Please resend the PM. I'm getting alot of PM's lately..(don't know why...)
so it could well be that I deleted it unread.

Ra.


----------



## Flakey (Aug 13, 2006)

for naming sake why dont we stick to XSA (xenon short arc) and Mh (metal hallide) although there are other high intensity discharge lamps such as high pressure sodium used in street lamps, for us flashaholics XSA and MH are the typicially used ones. If you ever look into a maxabeam i think you will agree that it has a Highly Intense light Discharge .....


----------



## nemul (Aug 19, 2006)

Ra said:


> Hi Orbit,
> 
> Please resend the PM. I'm getting alot of PM's lately..(don't know why...)
> so it could well be that I deleted it unread.
> ...



cause your the HID shizznit


----------



## LuxLuthor (Aug 19, 2006)

Eventually, I'll upgrade my 50W "BarnBurner Junior" to the 75W kit, but I can also see a real advantage to the throw of the MaxaBeam. It's so hard to justify what looks to be $2,000-2,500 price though. If I got one it would only be the light with the Li Ion battery pack, but I don't see prices for that minimum package anywhere.


----------



## Whisper (Aug 28, 2006)

Hello,

does anyone knows a cheap short-arc light (lets say under 150 or 200 $) ?


----------



## Ra (Aug 29, 2006)

Sorry Whisper,

I think you can forget that: Short arc requires an even more expensive electronics unit (ballast) then the well known automotive-HID does..

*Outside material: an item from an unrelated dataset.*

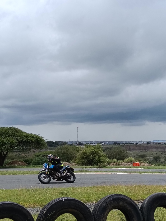 The image depicts an outdoor scene in Matathani ward, Kenya, under an overcast sky filled with dense grey clouds. In the mid-ground, a paved asphalt track extends horizontally across the frame. A single individual, dressed in full protective motorcycle gear including a dark jacket with light accents, dark trousers, and a full-face helmet with a clear visor, is riding a blue and black motorcycle from left to right on the track. The rider is leaning into what appears to be a turn. To the immediate left and right of the track, green grass is visible. In the foreground, along the bottom edge, three dark, worn tires are positioned horizontally, partially cropped, likely forming a barrier. The background features a rural or semi-urban landscape with scattered green trees and bushes. A prominent, tall, white cellular communication tower stands vertically in the center-right background. Further in the distance, a horizon line reveals faint structures and buildings, suggesting a populated area, along with a long, low concrete wall-like structure on the right side. An orange pylon or marker is visible on the right side of the track, further down from the motorcycle.

If you are very, very lucky, you can find one second hand at Ebay; The last time I saw that happen was about a month ago: An older MBS-410 maxabeam-unit was won for about 800$ if I remember correctly.. The one I saw before that did 1300$...

So even if one is listed at Ebay, then only if the rest of the world is sleeping, you can get your hands on it at that prize !!

Regards,

Ra.


----------